Kanako Miura, 36, died on May 19 around 3:30 p.m. after being struck by a truck while biking through Kenmore Square. Miura was a visiting scientist in Professor Russ Tedrake’s Robot Locomotion Group in CSAIL.

MIT President L. Rafael Reif broke the news to the MIT community that same evening in an email to all of campus. “Our hearts go out to her friends and colleagues at MIT, and especially to the Miura family, who must absorb this terrible news from so far away,” wrote Reif.

The Boston Globe reported that the driver probably did not see Miura. They also reported that Miura, who was wearing a helmet, suffered from critical injuries after being thrown from her bike and passed away at the scene.

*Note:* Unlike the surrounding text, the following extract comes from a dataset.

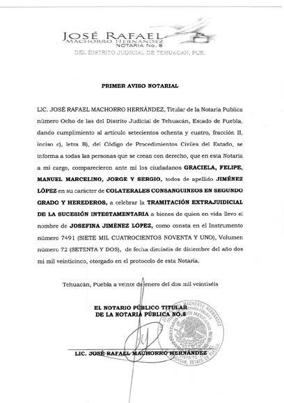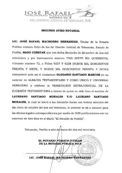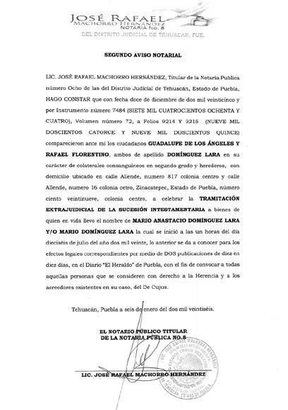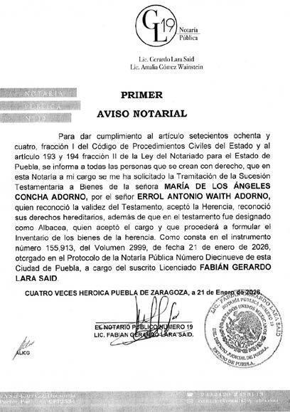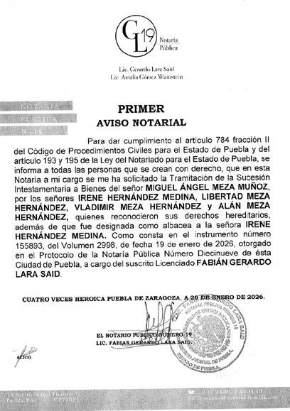 Disposición Judicial de fecha veintiocho de noviembre del año dos mil veinticinco, Juez de lo Civil de Acatlán Puebla; Expediente 59372025; Juicio Sucesorio Intestamentario; convóquense todas personas créanse con derecho a bienes sucesión intestamentaria GUILLERMINA TAPIA GONZALEZ, ÚLTIMO DOMICILIO EN Calle Cuitláhuac número Treinta y Cuatro Barrio de San Gabriel, Municipio de Acatlán, Estado de Puebla; presentarse al juzgado a deducir derechos, término diez días siguientes única publicación. Concurran por escrito, debiendo establecer los argumentos de su derecho, los documentos que lo justifiquen y proponga a quien puede desempeñar el cargo de Albacea Definitivo; promueve MARIANA COHETERO TAPIA por propio derecho y como apoderado legal de DANIEL GONZALO COHETERO MARTINEZ. Disposición copias demanda, auto admisorio y documentos fundatorios en la Secretaría del Juzgado. Anexos: Un formato de defunción, un acta de matrimonio electrónica, una copia certificada de un acto notarial # 156, una copia certificada de acta de matrimonio, una copia notariada de instrumento #10215, Un Avalúo, copia simple de documentos, un traslado. Acatlán de Osorio, Puebla; a dieciséis de diciembre de dos mil veinticinco. C. LA DILIGENCIARIA LIC. LUCIA ROMAN PEREZ Para su publicación por una sola vez en el Periódico “El Heraldo de Puebla”

David Watson, executive director of the Massachusetts Bicycle Coalition, expressed the importance of awareness and safety in an interview with the Globe.

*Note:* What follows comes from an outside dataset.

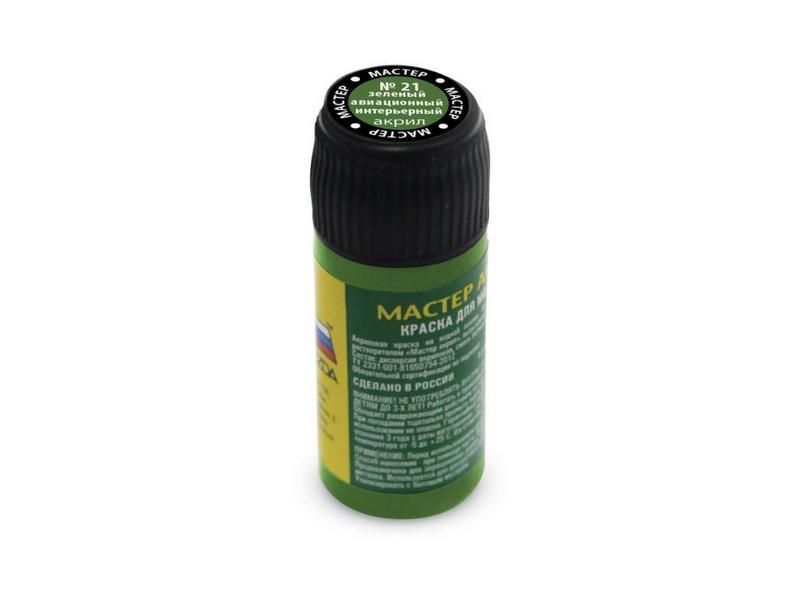 Краска ZVEZDA МАСТЕР-АКРИЛ акриловая, зеленая авиа-интерьер, 12 мл

“Everybody at this point should know we need to share the roads,” he said. “Every­body bears responsibility for the safety of the people around them.”

Miura had been at MIT since October, conducting research in the Robot Locomotion Group and specializing in bipedal locomotion. She had two PhDs, one in Information Science from Tohoku University in Japan and another in Electronics and Automation from Université Louis-Pasteur France. As a senior researcher at Japan’s National Institute of Advanced Industrial Science and Technology, she worked on the HR-4C Future Dream robot, which had advanced locomotion capabilities such as being able to turn quickly and more accurately mimic human walking than other robots, according to an article in Akihabara News.

“She was not just a visitor in our group. She became a close friend and a member of our family,” said Tedrake in an article on her passing in CSAIL’s news website. “The energy she brought to her work was contagious, and her enthusiasm was easy to see. She loved giving tours and showing off the lab, and she had an unfailing optimism in the future and importance of humanoid robots.”